Dihydrofolate reductase

There is a possibility of interference with folate metabolism during long-term therapy due to the fact that EPITEC is a weak inhibitor of dihydrofolate reductase. However, during prolonged human dosing of up to 1 year, EPITEC did not induce significant changes in haemoglobin concentration, mean corpuscular volume, serum or red blood cell folate concentrations.

Renal failure

In single dose studies in subjects with end stage renal failure, plasma concentrations of lamotrigine were not significantly altered. Caution should be exercised in treating patients with renal failure because there is accumulation of the glucuronide metabolite (see section 5.2: Special populations and section 4.2).

Brugada-type ECG

A very rare association with Brugada-type ECG has been observed, although a causal relationship has not been established. Therefore, careful consideration should be given before using lamotrigine in patients with Brugada syndrome.

Cardiac rhythm and conduction abnormalities

In vitro testing showed that lamotrigine exhibits Class IB antiarrhythmic activity at therapeutically relevant concentrations. Based on these in vitro findings, lamotrigine could potentially slow ventricular conduction (widen QRS) and induce proarrhythmia in patients with clinically important structural or functional heart disease. Therefore, any expected or observed benefit of lamotrigine for those patients must be carefully weighed against the potential risks for serious or fatal cardiac events. Concomitant use of other sodium channel blockers may further increase the risk of proarrhythmia (see section 5.1).

Bipolar disorder

Children and adolescents (less than 18 years of age)

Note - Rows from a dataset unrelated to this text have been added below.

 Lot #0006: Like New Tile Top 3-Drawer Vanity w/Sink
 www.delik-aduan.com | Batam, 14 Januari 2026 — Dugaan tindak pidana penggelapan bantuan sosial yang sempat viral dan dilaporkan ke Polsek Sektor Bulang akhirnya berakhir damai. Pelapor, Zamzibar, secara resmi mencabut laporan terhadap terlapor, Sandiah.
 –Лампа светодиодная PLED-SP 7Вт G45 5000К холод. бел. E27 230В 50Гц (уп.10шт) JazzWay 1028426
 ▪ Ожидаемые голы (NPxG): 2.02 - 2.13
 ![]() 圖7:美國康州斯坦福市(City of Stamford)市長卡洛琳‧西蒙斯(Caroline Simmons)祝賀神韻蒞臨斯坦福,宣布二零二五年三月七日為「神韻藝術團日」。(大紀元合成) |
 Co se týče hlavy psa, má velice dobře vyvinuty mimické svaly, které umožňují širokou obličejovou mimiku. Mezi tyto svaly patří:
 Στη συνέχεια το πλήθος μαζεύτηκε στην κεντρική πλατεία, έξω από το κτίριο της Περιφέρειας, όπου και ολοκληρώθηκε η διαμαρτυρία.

Treatment with antidepressants is associated with an increased risk of suicidal thinking and behaviour in children and adolescents with major depressive disorder and other psychiatric disorders. EPITEC should not be used in children and adolescents with bipolar disorder.

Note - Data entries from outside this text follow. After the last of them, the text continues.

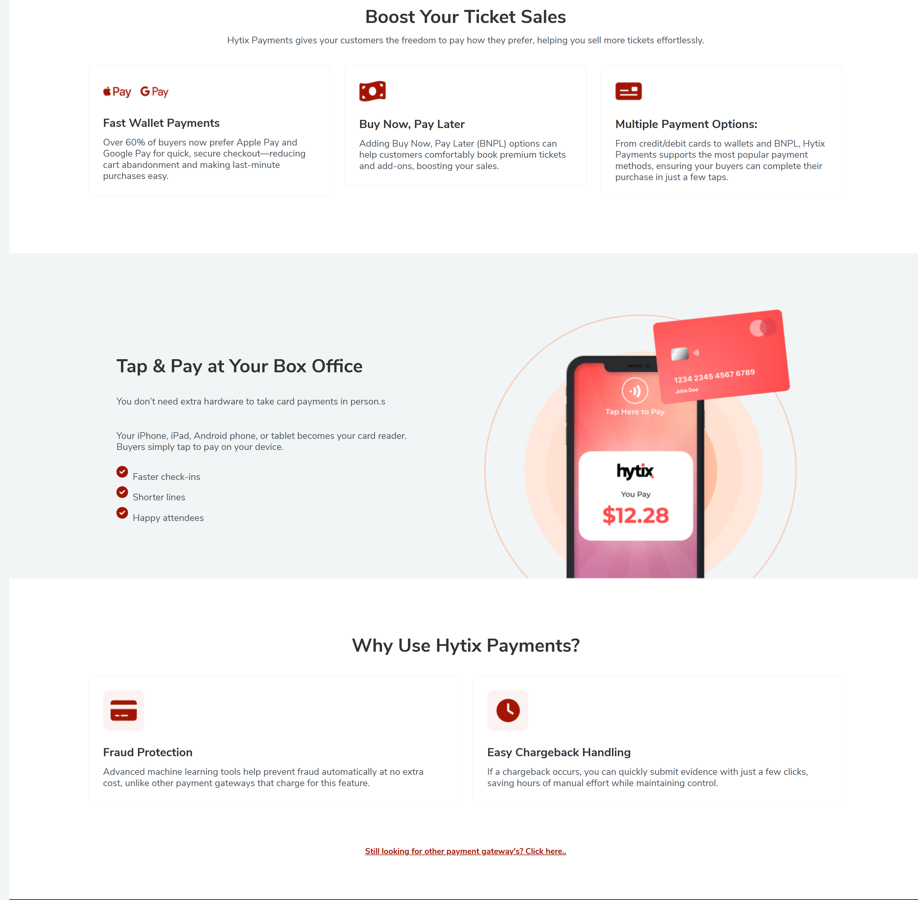 Hytix Payments supports multiple payment options to help you sell more tickets: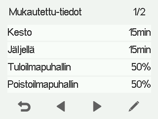 Kesto — Ilmaisee asetetun Mukautettu-tilan keston, kun Mukautettu-tila otetaan käyttöön. Arvo ilmaistaan tunneissa ja minuuteissa.
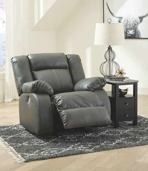 If highly contemporary looks and a heavenly feel sit well with you, rest your eyes on this power rocker recliner. Decadently soft, the padded velvet upholstery is enriched with jumbo contrast stitching and dramatic cut-and-sew lines for fashion-forward flair. Radius cut arm frame adds cool, curvaceous interest. At your fingertips: one-touch power control with a zero-draw USB plug-in that’s not only convenient but also energy efficient. When it comes to high style at a down-to-earth price, this power recliner really brings it home.

Effects on Ability to Drive and Use Machines

In clinical trials with EPITEC adverse events of a neurological character such as dizziness and diplopia have been reported. Therefore, patients should see how EPITEC therapy affects them before driving or operating machinery.

Excipient warnings

EPITEC tablets contain lactose. Patients with rare hereditary problems of galactose intolerance, e.g. galactosaemia, the Lapp lactase deficiency or glucose-galactose malabsorption should not take EPITEC tablets (see section 2).

Interaction with other medicinal products and other forms of interaction

Uridine 5'-diphospho (UDP)-glucuronyl transferases (UGTs) have been identified as the enzymes responsible for metabolism of lamotrigine. Medicines that induce or inhibit glucuronidation may, therefore, affect the apparent clearance of lamotrigine. Strong or moderate inducers of the cytochrome P450 3A4 (CYP3A4) enzyme, which are also known to induce UGTs, may also enhance the metabolism of lamotrigine. There is no evidence that lamotrigine causes clinically significant induction or inhibition of cytochrome P450 enzymes. Lamotrigine may induce its own metabolism, but the effect is modest and unlikely to have significant clinical consequences.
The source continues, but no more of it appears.